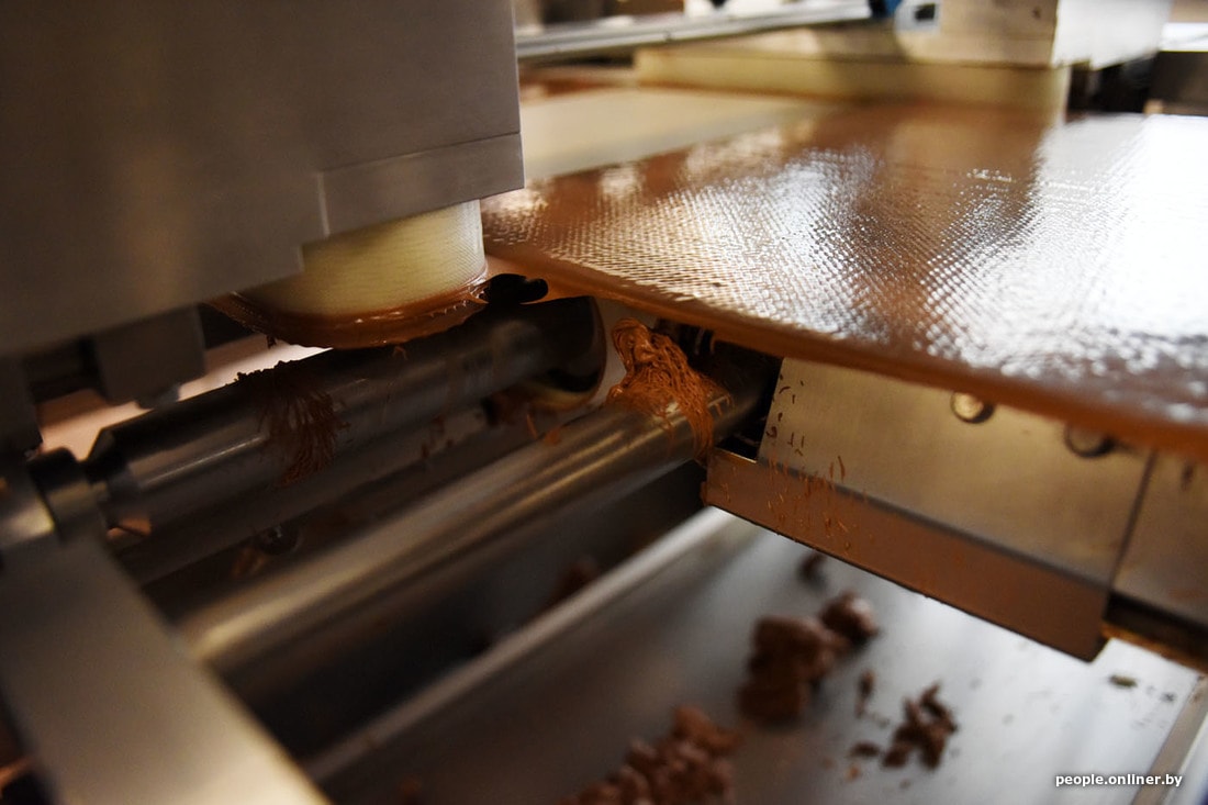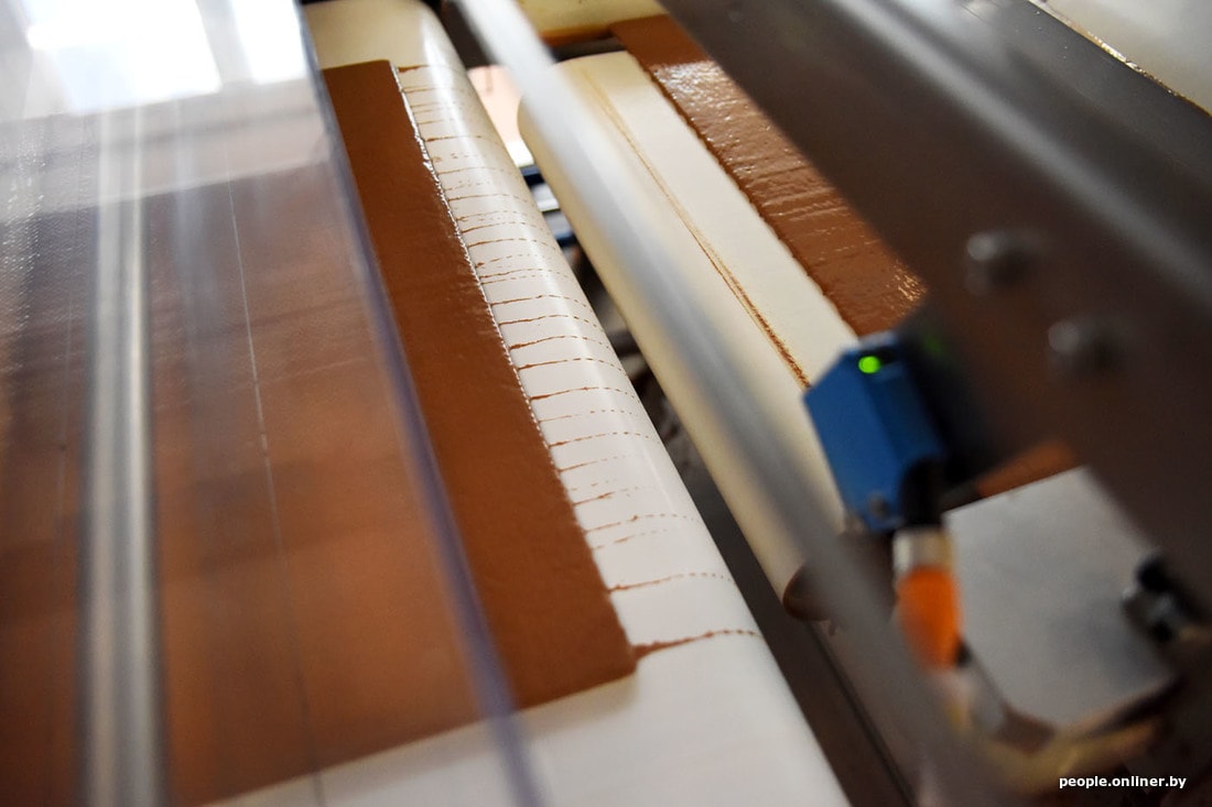 Следующий этап — остывание в специальной арке. Все происходит в движении. Также листы увлажняются, это предохраняет их от расслаивания при нанесении начинки и глазури.
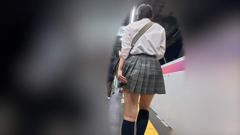 最初はスカートの上から、徐々にスカートの中に手を侵入させ、お尻に触れる。
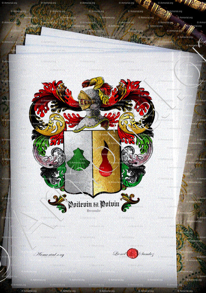 Origine du blason " POITEVIN dit POTVIN " : " Normandie, France () "
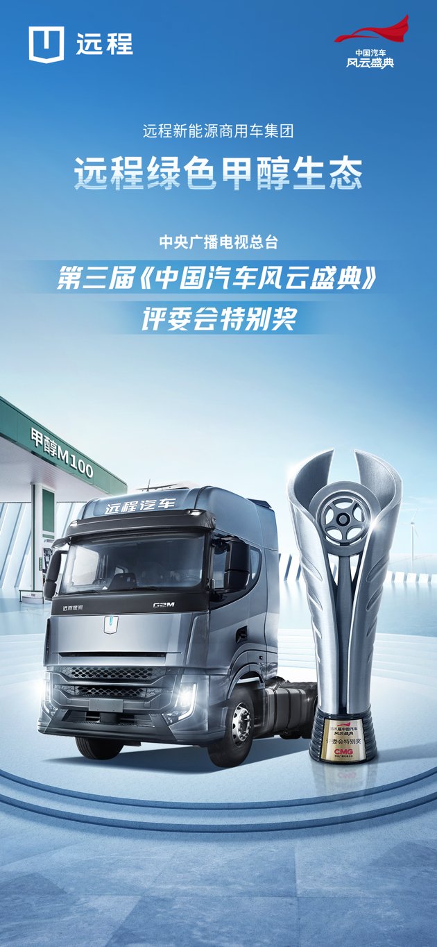 2023年4月7日,在中央廣播電視總臺(tái)主辦的第三屆《中國汽車風(fēng)云盛典》頒獎(jiǎng)典禮上,遠(yuǎn)程綠色甲醇生態(tài)榮獲評委會(huì)特別獎(jiǎng),成為首個(gè)以商用車為主體的獲獎(jiǎng)企業(yè)。
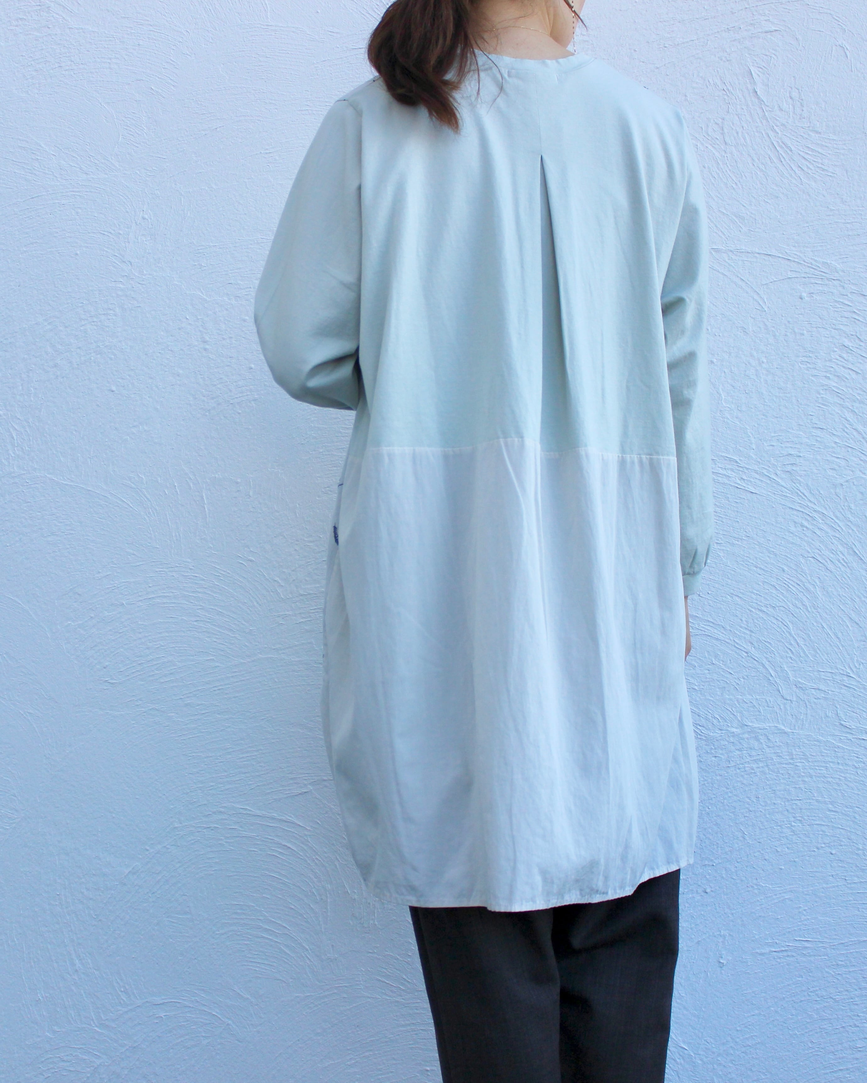 ひらっと踊る裾デザインで、閉めるとプルオーバーとして着られます。

————————

> _Try it_:
The answer is the lines above, word for word, from the first one through the one containing "Origine du blason"; it includes no pictures.

> _Answer below_:
 Следующий этап — остывание в специальной арке. Все происходит в движении. Также листы увлажняются, это предохраняет их от расслаивания при нанесении начинки и глазури.
 最初はスカートの上から、徐々にスカートの中に手を侵入させ、お尻に触れる。
 Origine du blason " POITEVIN dit POTVIN " : " Normandie, France () "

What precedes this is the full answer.